Deputy Emir of Al-Shabaab

Personal details
- Born: Between 1957 and 1962 (69 or 64 age) Xarardheere, Mudug, Somalia

Military service
- Allegiance: National Security Service (1987–1991) Al-Itihaad al-Islamiya (1991–1997) Al-Qaeda Al-Shabaab;
- Rank: Head of the Aminayat (Al-Shabaab intelligence)
- Battles/wars: Somali Civil War War in Somalia;

= Mahad Karate =

Deputy emir of Al-Shabaab

Abdirahman Mohamed Warsame (born between 1957 and 1962), known by his nom de guerre Mahad Karate, is the deputy emir of Al-Shabaab and the leader of Al-Shabaab's intelligence service, the Amniyat.

== Early life ==
Mahad Karate was born as Abdirahman Mohamed Warsame between 1957 and 1962 in the town of Xarardheere in the Mudug region, Somalia. He is a member of the Hawiye clan. Before he joined Al-Shabaab and before the Somali Rebellion, Mahad was a member of the Somali intelligence service of the revolutionary government. He later joined Al-Itihaad al-Islamiya after the Somali Rebellion before joining al-Shabaab He speaks Somali, Arabic and basic Swahili.

==Militant Career==

=== Al-Shabaab ===
Karate was a member of Al-Shabaab's security and financial unit until he was considered the new leader of Al-Shabaab with Ahmad Diriye, though Ahmad Diriye was chosen for it, he became the deputy emir. Due to this, an inter-conflict arose with supporters of Karate and supporters of Diriye having disputes with each other and armed conflicts, with one example being a 2023 conflict between a pro-Karate faction against a pro-Dirie faction in Jilib and Hargeisa-Yarey settlement in Middle Juba, about 400 kilometres (248 miles) south of Mogadishu.
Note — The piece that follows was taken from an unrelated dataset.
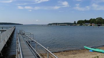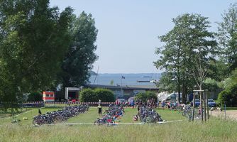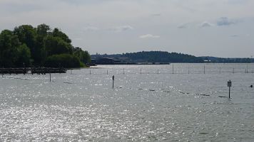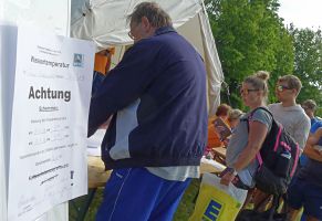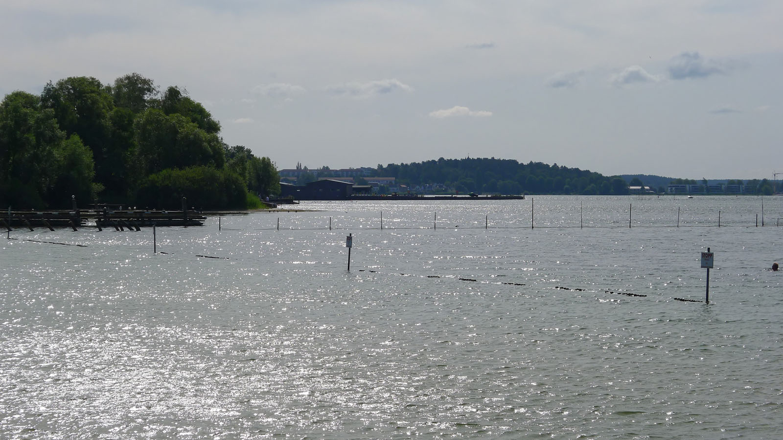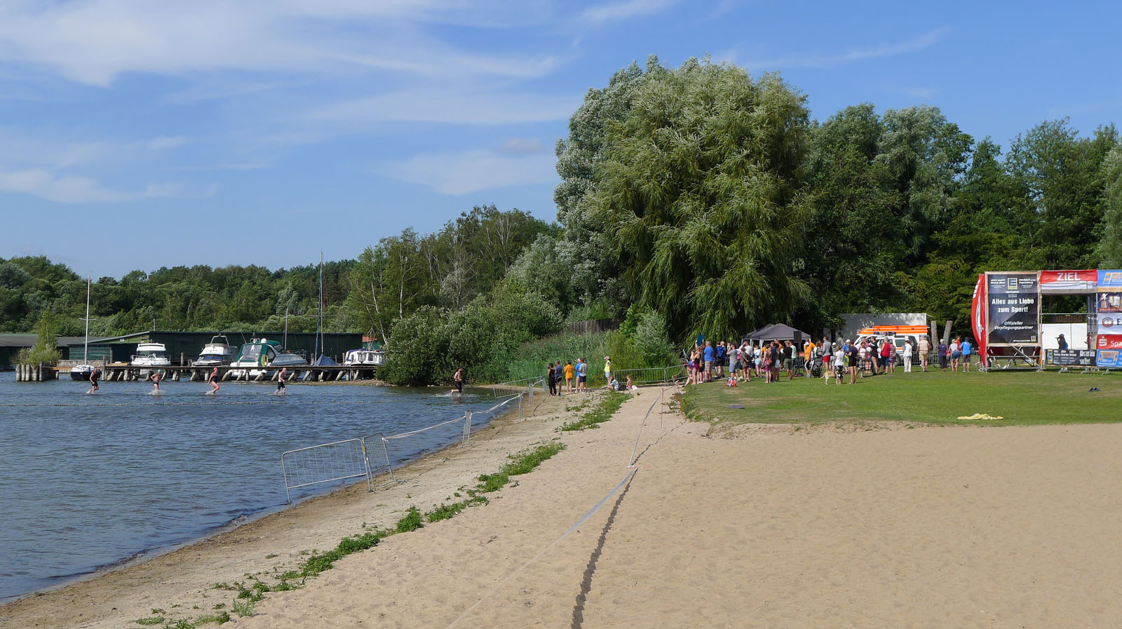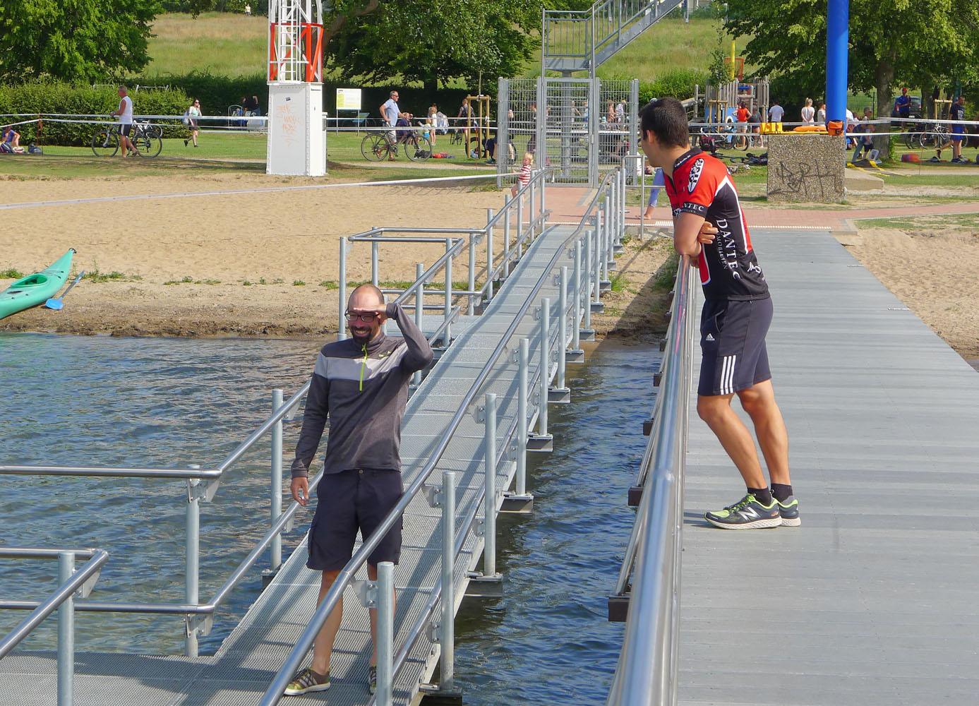 Hatten wir vor zwei Jahren Südsüdwest-Wind, der die Wellen in beachtlicher Höhe durch den Durchlass zum Hauptsee in Richtung Strand trieb, schien diesmal alles ganz einfach: Nordostwind sorgte dafür, dass direkt am Strand praktisch keine Wellen waren, allerdings konnte man in der Ferne Schaumkronen sehen, das war schonmal verdächtig. Außerdem ist der Wasserpegel nach 2 trockenen Sommern gefallen, so dass man bis zum Ende der großen Badebrücke nur im knietiefen Wasser läuft. Da der See groß ist, wurden bei nur 22 Grad Wassertemperatur Neos erlaubt.

The Amniyat, al-Shabaab's intelligence and security wing, has been instrumental in conducting suicide attacks and assassinations throughout Somalia and neighboring countries, including Kenya. Under the leadership of Karate, the Amniyat orchestrated the April 2, 2015, attack on Garissa University College in Kenya. This devastating assault, which deliberately targeted Christian students and resulted in the deaths of 150 people, remains al-Shabaab's deadliest operation in Kenya. After this operation, the United States Department of Defense designated Karate as a Specially Designated Global Terrorist (SDGT) in response to the attack and later, on November 11, 2015, offered $5 million for any information leading to the arrest or death of Karate. Even after the designation, Karate remained in command and directed Amniyat attacks throughout Somalia. In January 2016, the Amniyat, under his leadership, ambushed a Kenyan army base in El Adde, Somalia, killing over 100 soldiers.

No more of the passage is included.